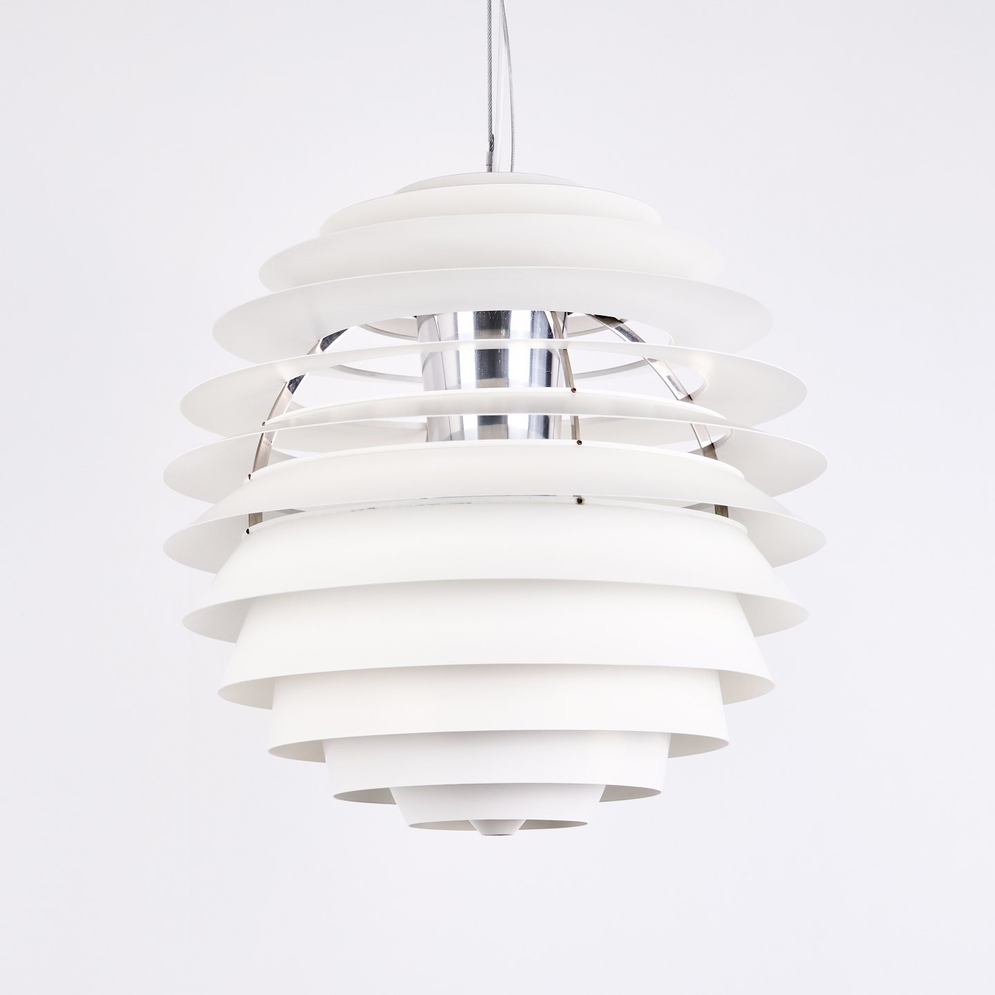 Ikonische Pendelleuchte, PH Louvre (früher PH Kugle genannt), entworfen von Poul Henningsen im Jahr 1957 für die Adventistenkirche in Skodsborg. Die Leuchte besteht aus 13 Lamellen, die auf einer inneren Konstruktion montiert sind und ein weiches und blendfreies Licht gewährleisten. Das kugelförmige Design sorgt für eine gleichmäßige Lichtverteilung und einen skulpturalen Ausdruck.
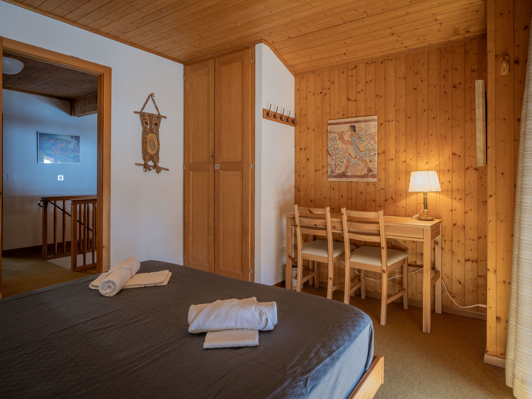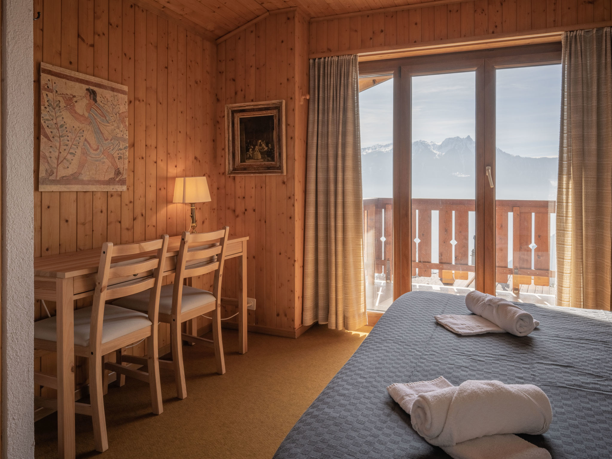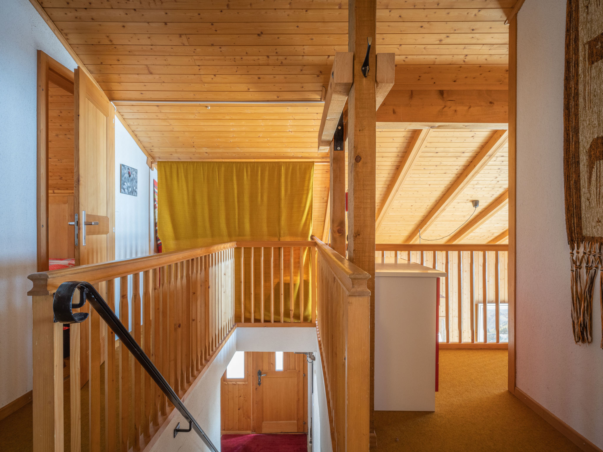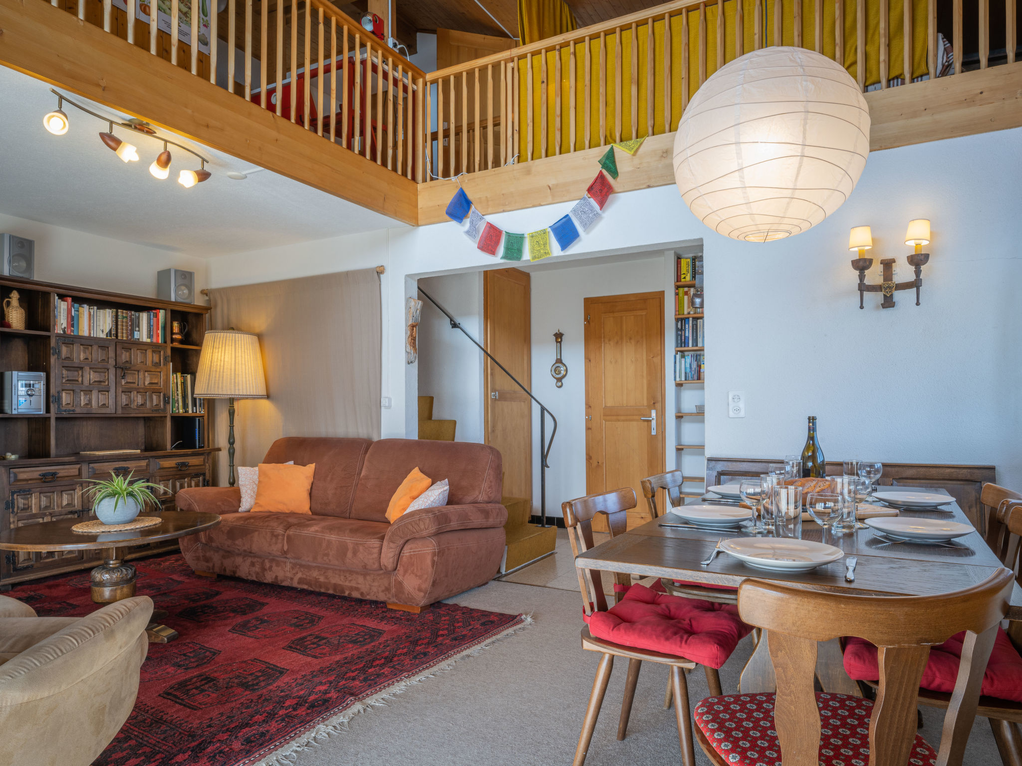 "Plein Soleil A 10", 4-Zimmer-Wohnung 90 m2 auf 2 Stockwerken, Südostlage. Komfortabel und schön eingerichtet: Wohn-/Esszimmer mit Essecke, Kabel-TV, Stereoanlage, DVD und Holzofen. Ausgang zum Balkon. Küche (Backofen, Geschirrspüler, 4 Induktionskochplatten, Mikrowelle, elektrische Kaffeemaschine, Kapseln für die Kaffeemaschine (Delizio) extra, Racletteofen, Fondue Set (Chinoise, Käse)). Bad/WC. Obergeschoss: 1 Zimmer mit 1 franz. Bett (160 cm, Länge 200 cm). Ausgang zum Balkon. 1 Zimmer mit 2 Betten (90 cm, Länge 200 cm). 1 abgeschrägtes Zimmer mit 2 Ausziehbetten (2 Pers. 2 x 90 cm, Länge 200 cm). Galerie. Dusche/WC. Balkon 15 m2, Südostlage, 2 kleine Balkone, Südlage und Nordlage. Terrassenmöbel, Liegestühle (5). Sehr schöne Sicht auf die Berge und das Tal. Zur Verfügung: Bügeleisen, Haartrockner. Internet (WLAN, gratis). Parkplatz Nr. 10 (1 Auto) in 30 m. Bitte beachten: Nichtraucher-Unterkunft. Maximal 1 Haustier/Hund erlaubt.
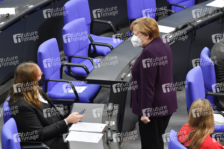 Anton Hofreiter und Angela Merkel in der 205. Sitzung des Deutschen Bundestages im Reichstagsgebäude. Berlin, 27.01.2021
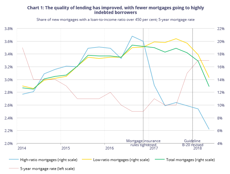 Mortgage rules implemented over the past two years, along with rising interest rates, have worked to improve credit quality and reduce the number of highly indebted borrowers in the market.

(WHAT TO PRODUCE)
The data must come back word for word, with every picture removed.

(YOUR RESPONSE)
 Ikonische Pendelleuchte, PH Louvre (früher PH Kugle genannt), entworfen von Poul Henningsen im Jahr 1957 für die Adventistenkirche in Skodsborg. Die Leuchte besteht aus 13 Lamellen, die auf einer inneren Konstruktion montiert sind und ein weiches und blendfreies Licht gewährleisten. Das kugelförmige Design sorgt für eine gleichmäßige Lichtverteilung und einen skulpturalen Ausdruck.
 "Plein Soleil A 10", 4-Zimmer-Wohnung 90 m2 auf 2 Stockwerken, Südostlage. Komfortabel und schön eingerichtet: Wohn-/Esszimmer mit Essecke, Kabel-TV, Stereoanlage, DVD und Holzofen. Ausgang zum Balkon. Küche (Backofen, Geschirrspüler, 4 Induktionskochplatten, Mikrowelle, elektrische Kaffeemaschine, Kapseln für die Kaffeemaschine (Delizio) extra, Racletteofen, Fondue Set (Chinoise, Käse)). Bad/WC. Obergeschoss: 1 Zimmer mit 1 franz. Bett (160 cm, Länge 200 cm). Ausgang zum Balkon. 1 Zimmer mit 2 Betten (90 cm, Länge 200 cm). 1 abgeschrägtes Zimmer mit 2 Ausziehbetten (2 Pers. 2 x 90 cm, Länge 200 cm). Galerie. Dusche/WC. Balkon 15 m2, Südostlage, 2 kleine Balkone, Südlage und Nordlage. Terrassenmöbel, Liegestühle (5). Sehr schöne Sicht auf die Berge und das Tal. Zur Verfügung: Bügeleisen, Haartrockner. Internet (WLAN, gratis). Parkplatz Nr. 10 (1 Auto) in 30 m. Bitte beachten: Nichtraucher-Unterkunft. Maximal 1 Haustier/Hund erlaubt.
 Anton Hofreiter und Angela Merkel in der 205. Sitzung des Deutschen Bundestages im Reichstagsgebäude. Berlin, 27.01.2021
 Mortgage rules implemented over the past two years, along with rising interest rates, have worked to improve credit quality and reduce the number of highly indebted borrowers in the market.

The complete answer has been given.